In both C and C++, the result of x++ is an rvalue, so you can't assign to it.

In C, ++x is equivalent to x += 1 (C standard §6.5.3.1/p2; all C standard cites are to WG14 N1570). In C++, ++x is equivalent to x += 1 if x is not a bool (C++ standard §5.3.2 [expr.pre.incr]/p1; all C++ standard cites are to WG21 N3936).

In C, the result of an assignment expression is an rvalue (C standard §6.5.16/p3):

An assignment operator stores a value in the object designated by the left operand. An assignment expression has the value of the left operand after the assignment, but is not an lvalue.

Because it's not an lvalue, you can't assign to it: (C standard §6.5.16/p2 - note that this is a constraint)

An assignment operator shall have a modifiable lvalue as its left operand.

In C++, the result of an assignment expression is an lvalue (C++ standard §5.17 [expr.ass]/p1):

The assignment operator (=) and the compound assignment operators all group right-to-left. All require a modifiable lvalue as their left operand and return an lvalue referring to the left operand.

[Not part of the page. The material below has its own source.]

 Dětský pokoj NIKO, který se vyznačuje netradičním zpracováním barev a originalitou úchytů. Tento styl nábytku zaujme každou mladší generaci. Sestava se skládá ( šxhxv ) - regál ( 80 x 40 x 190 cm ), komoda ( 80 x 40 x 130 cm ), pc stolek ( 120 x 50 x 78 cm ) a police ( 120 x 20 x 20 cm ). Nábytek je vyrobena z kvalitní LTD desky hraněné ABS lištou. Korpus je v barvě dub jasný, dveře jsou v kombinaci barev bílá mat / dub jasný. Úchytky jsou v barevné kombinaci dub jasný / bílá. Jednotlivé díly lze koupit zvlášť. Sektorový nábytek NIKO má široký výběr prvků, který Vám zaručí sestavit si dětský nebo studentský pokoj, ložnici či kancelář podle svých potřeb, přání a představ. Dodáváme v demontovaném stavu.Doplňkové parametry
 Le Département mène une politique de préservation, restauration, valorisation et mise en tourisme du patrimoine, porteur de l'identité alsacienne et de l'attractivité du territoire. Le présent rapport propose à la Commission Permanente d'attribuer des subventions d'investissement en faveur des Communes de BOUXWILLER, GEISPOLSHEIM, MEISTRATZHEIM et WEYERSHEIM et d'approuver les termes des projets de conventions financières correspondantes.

So ++ptr = ptr1; is a diagnosable constraint violation in C, but does not violate any diagnosable rule in C++.

However, pre-C++11, ++ptr = ptr1; has undefined behavior, as it modifies ptr twice between two adjacent sequence points.

In C++11, the behavior of ++ptr = ptr1 becomes well defined. It's clearer if we rewrite it as

(ptr += 1) = ptr1;

Since C++11, the C++ standard provides that (§5.17 [expr.ass]/p1)

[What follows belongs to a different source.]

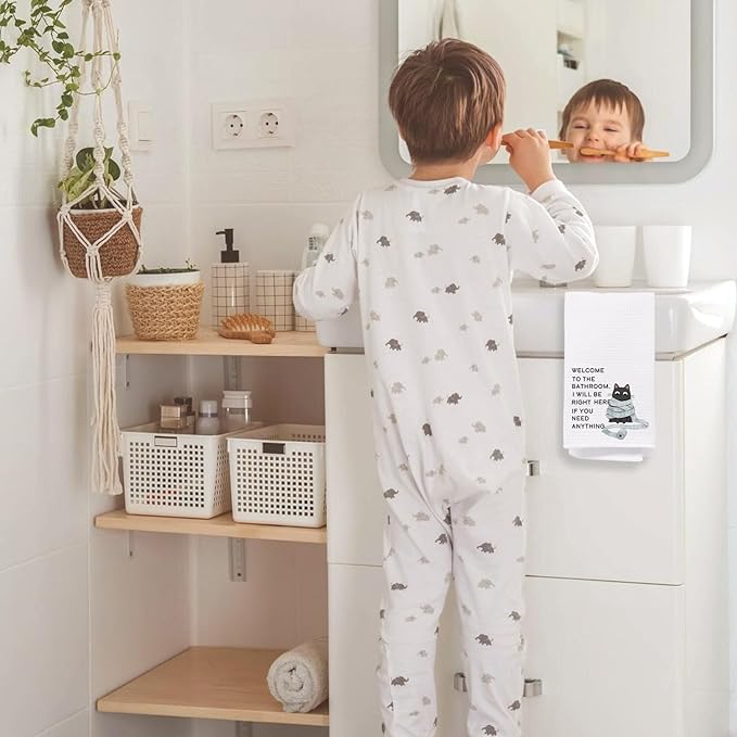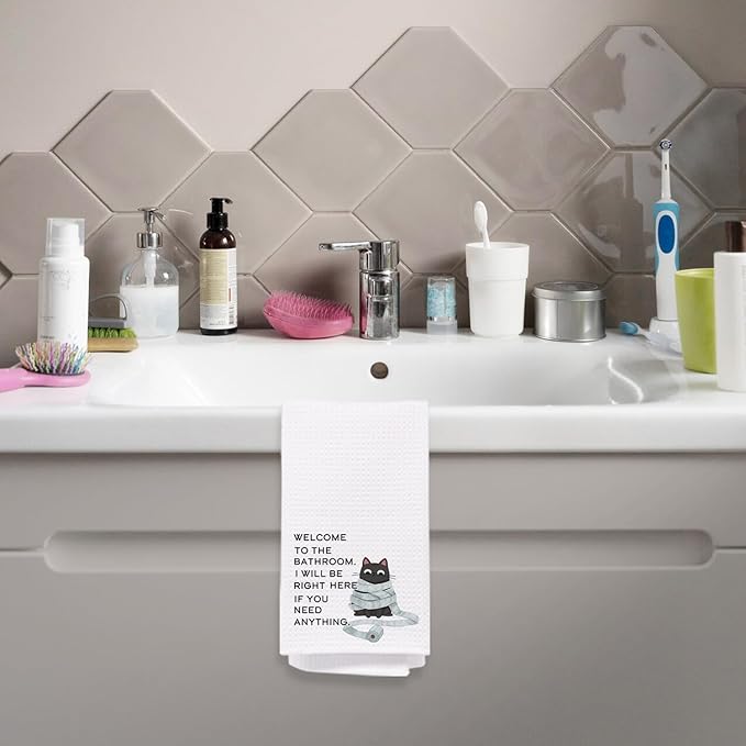 Black Cat Bathroom Hand Towels, Welcome to The Bathroom Humorous Black Cat Decorative Hand Towels, 16x24 Inch

In all cases, the assignment is sequenced after the value computation of the right and left operands, and before the value computation of the assignment expression. With respect to an indeterminately-sequenced function call, the operation of a compound assignment is a single evaluation.

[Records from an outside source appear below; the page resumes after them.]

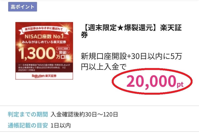 数千~万単位のポイントを獲得できる証券会社も時々あります。
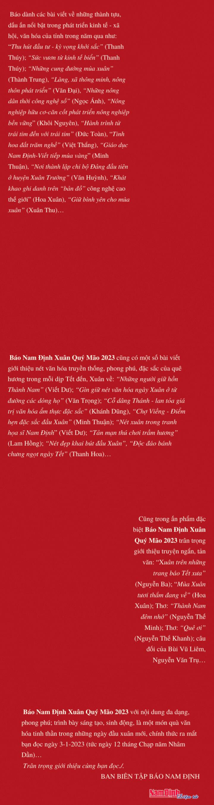 Đón đọc Báo Nam Định Xuân Quý Mão 2023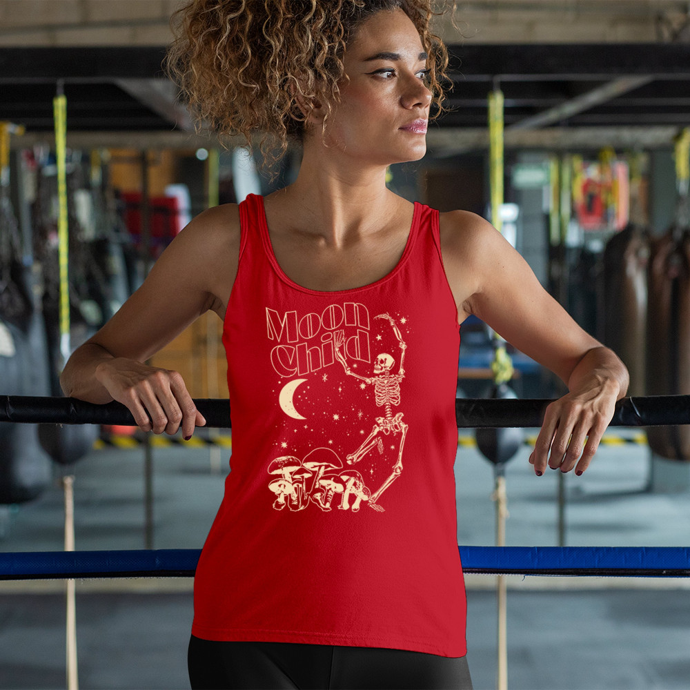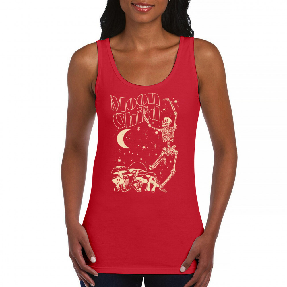 Mystical “Moon Child†design with skeleton, mushrooms, stars, and moon. Retro celestial vibes for dreamers, witches, and free spirits.

So the assignment performed by the = is sequenced after the value computation of ptr += 1 and ptr1. The assignment performed by the += is sequenced before the value computation of ptr += 1, and all value computations required by the += are necessarily sequenced before that assignment. Thus, the sequencing here is well-defined and there is no undefined behavior.

T.C.
  • 133,968
  • 17
  • 288
  • 421
  • 1
    In your last quote is "the assignment" supposed to mean "the side-effect of the assignment" ? – M.M Sep 04 '14 at 03:53
  • Actually I don't understand why in C the value of a (non compound) assignment expression is said to be that of its left operand; it is actually the value of its **right** operand (and then obviously it is an rvalue). Sure, in cases like `i=i+1` it is not the value the right operand expression would get if it were evaluated again, but a similar statement is not true for the left operand expression either, in somewhat contrived cases like `int a[2]={0,3}; a[a[0]]=1`. – Marc van Leeuwen Sep 04 '14 at 13:21
  • 1
    There's one more point: every object in C++ is equivalent to an array of one object — itself — and the one-past-the-end value of any array is a valid pointer value. So there's no "messy … unallocated memory." – Potatoswatter Sep 04 '14 at 13:55
  • @Potatoswatter good point, added a note to my answer covering that. – Shafik Yaghmour Sep 04 '14 at 16:57
  • 1
    `++ptr = ptr1;` is grammatically correct in both languages (the left hand expression can be an *unary-expression* in C); Or what did you mean by syntactical correctness? – Columbo Feb 20 '15 at 14:09
  • @T.C. "Diagnosable" implies that the violation does not require a diagnostic, but it requires at least one diagnostic as per 5.1.1.3/1, doesn't it? I'm solely asking because I saw the word "Diagnosable" a couple of times in such contexts, and it seems that it's not the right word to use. – Columbo Feb 20 '15 at 14:34
  • @Columbo Well, C doesn't use this word normatively; C++ does, and it actually means "rules whose violation must be diagnosed" (see [intro.compliance]/p1). – T.C. Feb 20 '15 at 14:40
  • "The post-C++11 C++ standard" Hmmm, I think you mean "The C++11 C++ standard". (Interesting issue about English words pre/post in question about prefix/postfix.) – chux - Reinstate Monica Feb 20 '15 at 15:37
  • @chux Better? (I wanted to also include C++14.) – T.C. Feb 20 '15 at 15:39
  • 2
    @MarcvanLeeuwen: Here's an example where there's a big difference, and clearly **the value of the assignment expression is not the value of its right operand**: http://rextester.com/CIWA70704 – Ben Voigt Feb 20 '15 at 16:16
17

In C the result of pre and post increment are rvalues and we can not assign to an rvalue, we need an lvalue(also see: Understanding lvalues and rvalues in C and C++) . We can see by going to the draft C11 standard section 6.5.2.4 Postfix increment and decrement operators which says (emphasis mine going forward):

The result of the postfix ++ operator is the value of the operand. [...] See the discussions of additive operators and compound assignment for information on constraints, types, and conversions and the effects of operations on pointers. [...]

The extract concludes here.